Our study showed fundamental computational principles in multicellular aging systems, bridging developmental biology with aging research. We explicitly demonstrate that developmental pathways, initially used for morphogenesis, may be dormant and can be reactivated for regeneration and tissue maintenance later in life. Moreover, we observed that cells collectively retain and manipulate morphological information, indicating that targeted interventions could potentially rejuvenate or maintain tissue integrity as organisms age.

Overall, we focused on the loss of goal-directedness in morphospace as the cause of the degradation of the system in this article. However, it may be possible that this cause extends towards nother levels in biological systems but also to artificial ones. For example, it may be possible that to counteract psychological decline during aging by giving new life goals to organism, which is in line with resistance to cognitive decline that has been found in elderly having high social engagement and new activities [104,105,106]. This can take place by providing new patterns (as occurs in metamorphosis [107,108]) within a body, or via communication of signals between bodies, as recently observed in cross-embryo morphogenetic error correction effects [109]. In terms of learning theory, we could ask: what’s the objective of a goal-directed system once it reached its goal? Our results may point towards the idea that a goal-directed system that achieved its goal becomes an aging system in a broad sense: a system deviating from its goal slowly. For a morphogenetic system, this might be reflected by a slowly degrading anatomy, a slight shift in morphospace [21] ultimately leading to death: an anatomical configuration incompatible with life. For AI systems, a decline in performance, similarly to what we found with ChatGPT or other LLMs [110], could be interpreted as aging or developmental defects after the target morphology has been reached [39]. Overall, our results suggest that reaching a goal by generative means is completely different from maintaining it. Thus, to engineer robust and autonomous AI and intelligent robotic systems or synthetic morphology we should integrate the learning of these two different tasks.

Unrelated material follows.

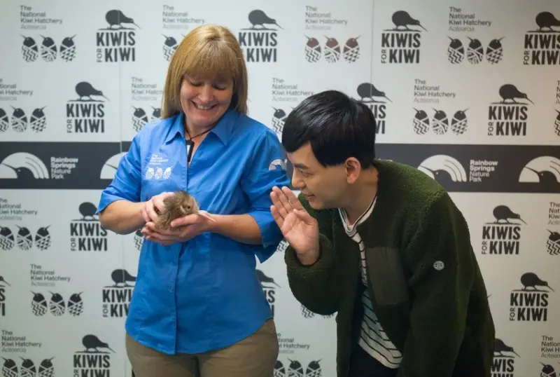 身為奇異鳥Pete在台灣的「代言人」,來到他的家鄉怎能不親自拜訪呢?參觀奇異鳥生態園區時,除了深入了解當地奇異鳥保育工作、一睹才剛出生約三周的超萌奇異鳥baby外,黃子佼更以「元寶」(Treasure) 幫之後即將誕生的奇異鳥命名,創下台灣首位為奇異鳥命名的紀錄。除了生態園區外,黃子佼也跟著訓練有素的保育員前往野外探尋野生奇異鳥,感動難以言表。![]()
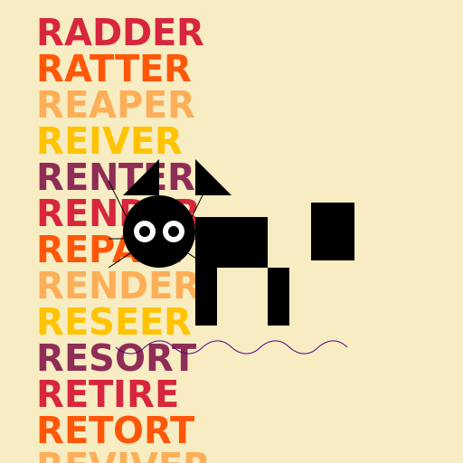 const words = ["RADDER", "RATTER", "REAPER", "REIVER", "RENTER", "RENDER", "REPAIR", "RENDER", "RESEER", "RESORT", "RETIRE", "RETORT", "REVIVER", "RIBBER", "RICHER", "RIDDER", "RIGGER", "RIMMER", "RINGAR", "RIPPER", "RISER", "ROLLER", "ROMMER", "ROOFER", "ROOMER", "ROOTER", "ROPER", "ROSTER", "ROTTER", "ROVER", "RUBBER", "RUGGER", "RUMMER", "RUSHER", "RUSTER", "RUTTER"];

Exploring these principles further could lead to significant advancements in delaying or reversing age-related decline. Integrating computational models with experimental biology might pave the way to uncover new strategies to enhance regeneration through manipulating cellular behavior, potentially extending the healthy lifespan of tissues.

Future research will focus on applying these computational insights to real-world biological systems, aiming to develop therapies that modulate aging processes and improve recovery from injuries, thus optimizing the health span of multicellular organisms. These findings not only deepen our understanding of the aging process but also highlight the potential of using computational approaches to predict and control the dynamics of cellular systems in aging. The insights gained from this study open new avenues for research in aging and regenerative medicine, paving the way for novel interventions that could one day transform our approach to aging and chronic disease treatment.